• [MATERIAL FOR THIS TASK]
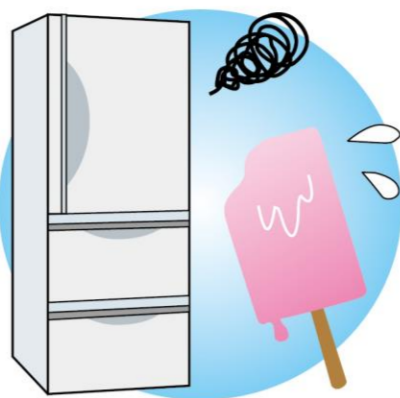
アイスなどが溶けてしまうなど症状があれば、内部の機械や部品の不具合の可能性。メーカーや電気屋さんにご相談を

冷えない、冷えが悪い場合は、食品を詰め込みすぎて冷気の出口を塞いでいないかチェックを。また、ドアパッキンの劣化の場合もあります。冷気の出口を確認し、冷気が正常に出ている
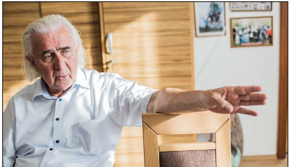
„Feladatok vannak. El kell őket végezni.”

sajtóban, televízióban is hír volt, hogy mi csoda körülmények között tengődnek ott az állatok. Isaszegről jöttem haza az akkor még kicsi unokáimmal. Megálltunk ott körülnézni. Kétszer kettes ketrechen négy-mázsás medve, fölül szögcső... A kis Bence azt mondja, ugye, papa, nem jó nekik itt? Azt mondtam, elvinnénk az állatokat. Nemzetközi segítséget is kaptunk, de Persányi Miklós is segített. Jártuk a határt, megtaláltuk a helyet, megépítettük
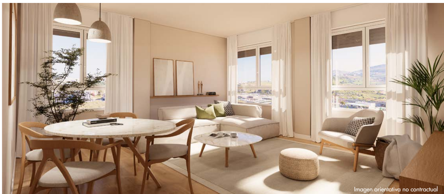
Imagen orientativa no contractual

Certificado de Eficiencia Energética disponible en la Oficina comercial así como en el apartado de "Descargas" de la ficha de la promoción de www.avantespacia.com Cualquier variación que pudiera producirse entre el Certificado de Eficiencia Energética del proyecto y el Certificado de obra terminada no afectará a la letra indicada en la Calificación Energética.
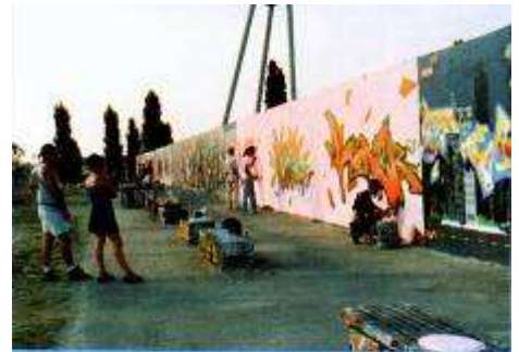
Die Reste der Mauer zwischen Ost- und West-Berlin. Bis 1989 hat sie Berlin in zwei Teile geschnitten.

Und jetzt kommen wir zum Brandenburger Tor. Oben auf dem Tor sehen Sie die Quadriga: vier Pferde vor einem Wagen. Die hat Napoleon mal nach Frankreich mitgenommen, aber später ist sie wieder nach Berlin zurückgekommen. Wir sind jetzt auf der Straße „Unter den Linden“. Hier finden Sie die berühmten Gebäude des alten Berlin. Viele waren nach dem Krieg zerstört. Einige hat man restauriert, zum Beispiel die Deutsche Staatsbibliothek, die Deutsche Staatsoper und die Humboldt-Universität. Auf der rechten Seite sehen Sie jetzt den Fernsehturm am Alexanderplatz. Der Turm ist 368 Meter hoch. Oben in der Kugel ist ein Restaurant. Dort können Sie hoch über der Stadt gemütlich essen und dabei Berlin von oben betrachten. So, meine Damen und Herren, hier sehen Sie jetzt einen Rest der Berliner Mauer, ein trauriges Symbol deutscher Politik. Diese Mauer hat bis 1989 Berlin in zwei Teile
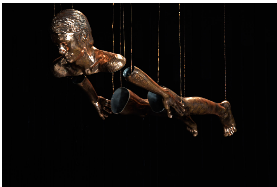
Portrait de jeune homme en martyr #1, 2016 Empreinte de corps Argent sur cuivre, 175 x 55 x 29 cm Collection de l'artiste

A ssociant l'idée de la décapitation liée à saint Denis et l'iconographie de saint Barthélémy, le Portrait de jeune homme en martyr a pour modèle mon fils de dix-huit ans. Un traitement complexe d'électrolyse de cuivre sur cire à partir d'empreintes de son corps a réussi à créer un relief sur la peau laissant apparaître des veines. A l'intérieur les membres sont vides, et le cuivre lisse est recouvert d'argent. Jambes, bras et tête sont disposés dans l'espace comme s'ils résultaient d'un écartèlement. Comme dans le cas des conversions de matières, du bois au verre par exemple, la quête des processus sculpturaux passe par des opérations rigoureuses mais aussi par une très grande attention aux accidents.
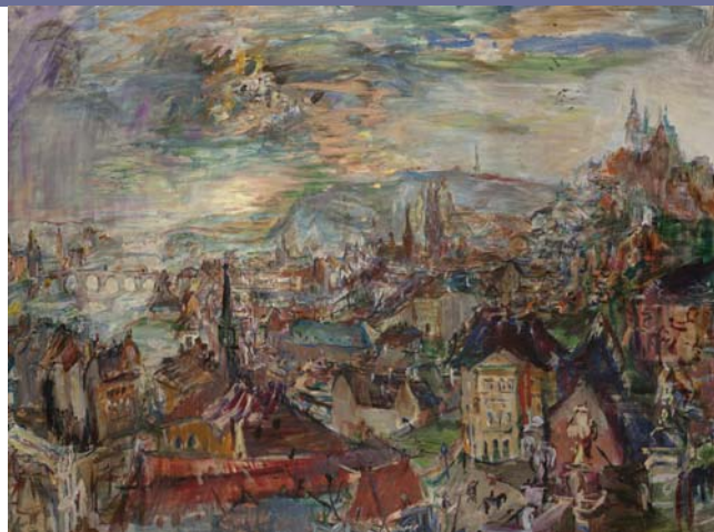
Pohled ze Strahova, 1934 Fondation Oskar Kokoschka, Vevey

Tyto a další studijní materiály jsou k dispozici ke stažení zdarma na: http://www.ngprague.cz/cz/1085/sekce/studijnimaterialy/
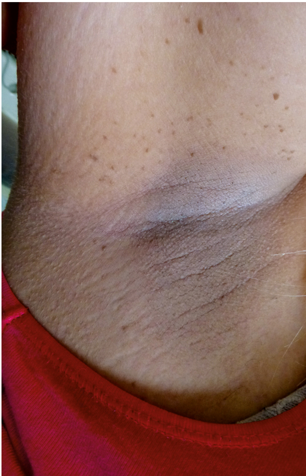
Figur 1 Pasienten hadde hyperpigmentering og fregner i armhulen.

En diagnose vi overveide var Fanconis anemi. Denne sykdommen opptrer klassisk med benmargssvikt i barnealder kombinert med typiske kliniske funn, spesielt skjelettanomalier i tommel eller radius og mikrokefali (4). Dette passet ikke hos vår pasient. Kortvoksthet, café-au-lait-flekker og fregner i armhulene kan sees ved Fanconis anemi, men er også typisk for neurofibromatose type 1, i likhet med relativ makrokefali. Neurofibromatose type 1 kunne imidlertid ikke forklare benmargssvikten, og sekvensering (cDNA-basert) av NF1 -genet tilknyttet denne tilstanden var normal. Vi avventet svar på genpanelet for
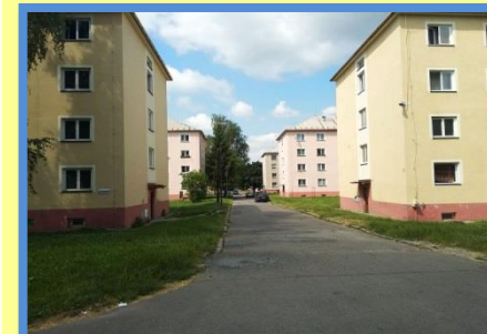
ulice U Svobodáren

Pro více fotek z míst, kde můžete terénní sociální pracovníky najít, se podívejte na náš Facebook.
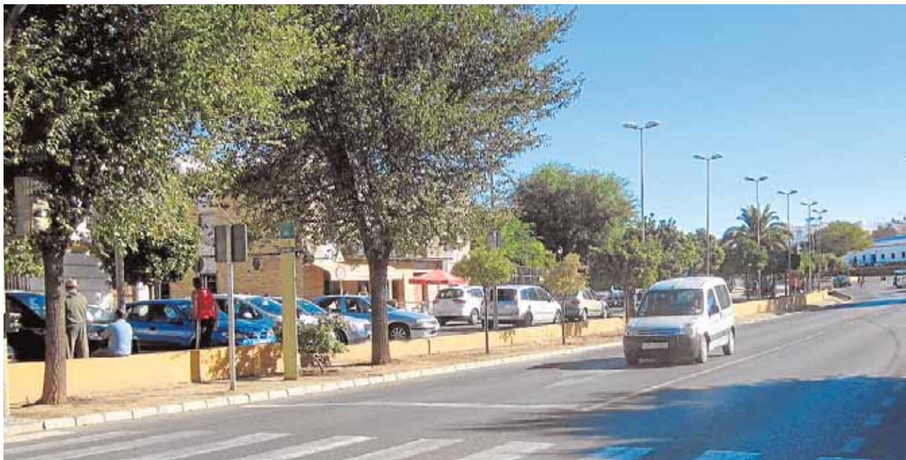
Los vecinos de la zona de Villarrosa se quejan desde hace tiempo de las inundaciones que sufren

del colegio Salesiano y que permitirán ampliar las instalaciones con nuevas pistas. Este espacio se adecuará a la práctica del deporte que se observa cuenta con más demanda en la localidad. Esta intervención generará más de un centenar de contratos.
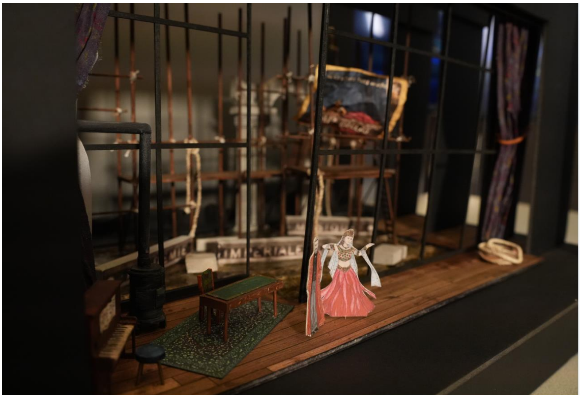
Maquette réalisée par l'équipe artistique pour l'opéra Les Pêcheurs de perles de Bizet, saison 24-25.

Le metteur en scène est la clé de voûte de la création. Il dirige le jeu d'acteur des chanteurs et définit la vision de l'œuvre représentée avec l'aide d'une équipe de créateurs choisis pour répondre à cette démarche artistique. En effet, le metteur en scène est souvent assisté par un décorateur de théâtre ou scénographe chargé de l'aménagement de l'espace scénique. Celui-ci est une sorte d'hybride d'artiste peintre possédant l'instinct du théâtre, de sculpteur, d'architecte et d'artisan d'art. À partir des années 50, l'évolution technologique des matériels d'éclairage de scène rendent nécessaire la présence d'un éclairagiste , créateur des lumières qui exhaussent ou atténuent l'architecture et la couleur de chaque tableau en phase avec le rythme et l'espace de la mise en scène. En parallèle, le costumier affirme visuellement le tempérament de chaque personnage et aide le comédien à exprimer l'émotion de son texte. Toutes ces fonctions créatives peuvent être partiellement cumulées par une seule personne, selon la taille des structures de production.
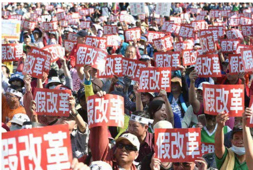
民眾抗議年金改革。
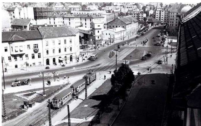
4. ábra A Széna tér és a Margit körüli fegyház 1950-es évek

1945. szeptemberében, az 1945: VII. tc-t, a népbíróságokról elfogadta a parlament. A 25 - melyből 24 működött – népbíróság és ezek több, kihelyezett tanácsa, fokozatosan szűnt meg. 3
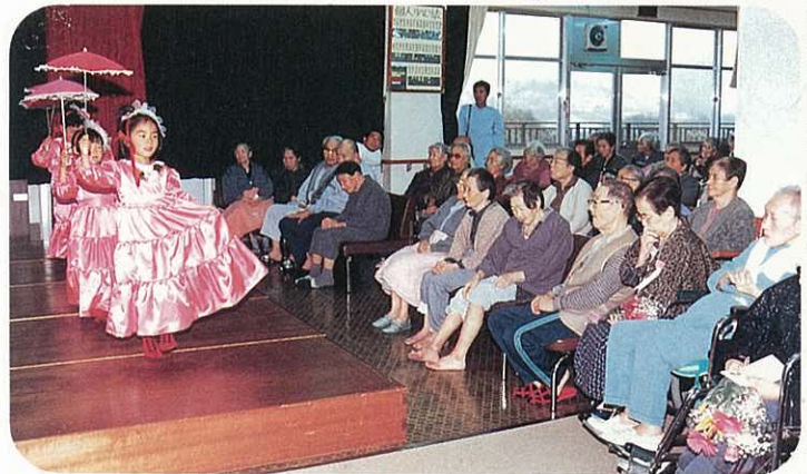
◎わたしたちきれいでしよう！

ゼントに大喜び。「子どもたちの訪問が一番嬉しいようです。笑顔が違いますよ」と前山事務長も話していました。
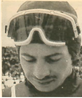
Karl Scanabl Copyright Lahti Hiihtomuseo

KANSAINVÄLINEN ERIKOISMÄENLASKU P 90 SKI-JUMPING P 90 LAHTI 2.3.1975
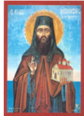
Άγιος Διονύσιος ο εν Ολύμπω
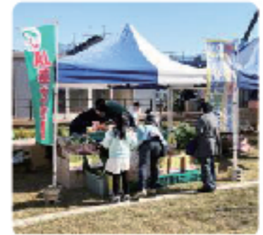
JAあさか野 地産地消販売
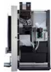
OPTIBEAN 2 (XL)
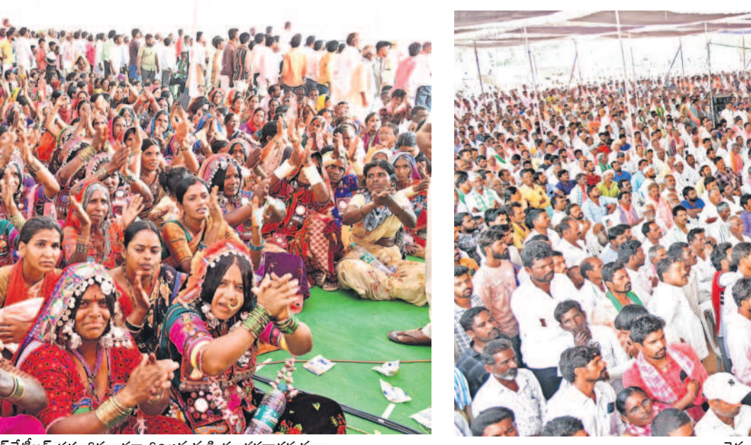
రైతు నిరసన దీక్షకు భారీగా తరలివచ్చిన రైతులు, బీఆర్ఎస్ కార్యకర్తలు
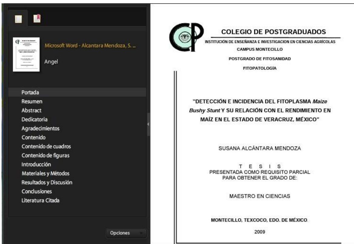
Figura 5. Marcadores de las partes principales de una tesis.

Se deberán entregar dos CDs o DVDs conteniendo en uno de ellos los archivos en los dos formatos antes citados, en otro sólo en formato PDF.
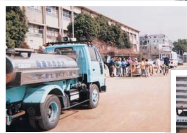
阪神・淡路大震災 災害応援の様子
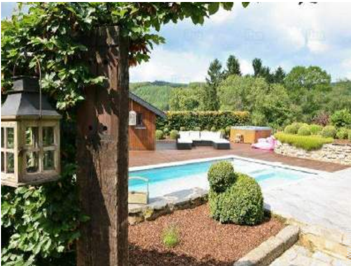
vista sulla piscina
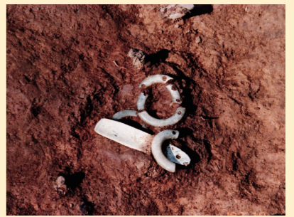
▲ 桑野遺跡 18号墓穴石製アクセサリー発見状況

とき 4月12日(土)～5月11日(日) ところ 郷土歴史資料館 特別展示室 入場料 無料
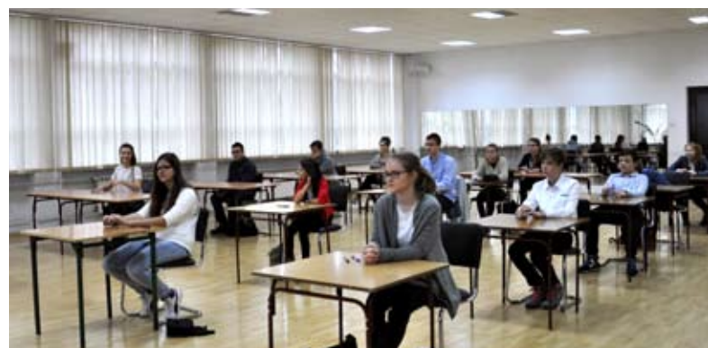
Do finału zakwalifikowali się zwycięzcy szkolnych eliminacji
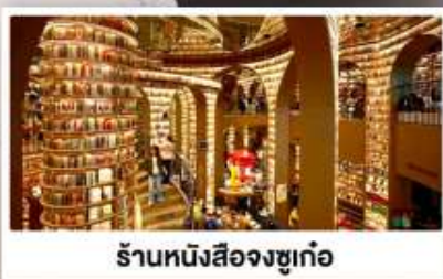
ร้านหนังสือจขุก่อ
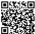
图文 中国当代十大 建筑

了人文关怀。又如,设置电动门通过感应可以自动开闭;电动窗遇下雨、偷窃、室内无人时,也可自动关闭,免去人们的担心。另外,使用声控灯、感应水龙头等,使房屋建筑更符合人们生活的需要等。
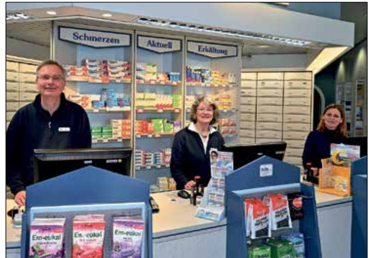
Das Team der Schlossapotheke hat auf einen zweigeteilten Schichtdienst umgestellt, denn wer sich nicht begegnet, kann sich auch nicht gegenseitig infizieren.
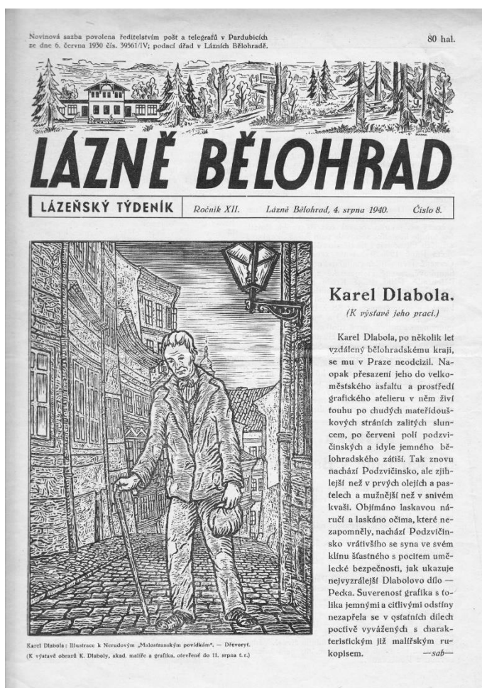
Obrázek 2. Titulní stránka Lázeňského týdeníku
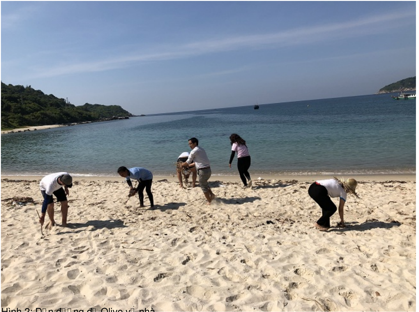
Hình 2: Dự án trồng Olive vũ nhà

• [REQUIREMENT] From the records above, copy only the lines running from the line holding "とき 4月12日(土)～5月11日(日) ところ 郷土歴史資料館 特別展示室 入場料 無料" through the line holding "Das Team der", with no pictures.

• [YOUR SOLUTION]
とき 4月12日(土)～5月11日(日) ところ 郷土歴史資料館 特別展示室 入場料 無料
Do finału zakwalifikowali się zwycięzcy szkolnych eliminacji
ร้านหนังสือจขุก่อ
图文 中国当代十大 建筑

了人文关怀。又如,设置电动门通过感应可以自动开闭;电动窗遇下雨、偷窃、室内无人时,也可自动关闭,免去人们的担心。另外,使用声控灯、感应水龙头等,使房屋建筑更符合人们生活的需要等。
Das Team der Schlossapotheke hat auf einen zweigeteilten Schichtdienst umgestellt, denn wer sich nicht begegnet, kann sich auch nicht gegenseitig infizieren.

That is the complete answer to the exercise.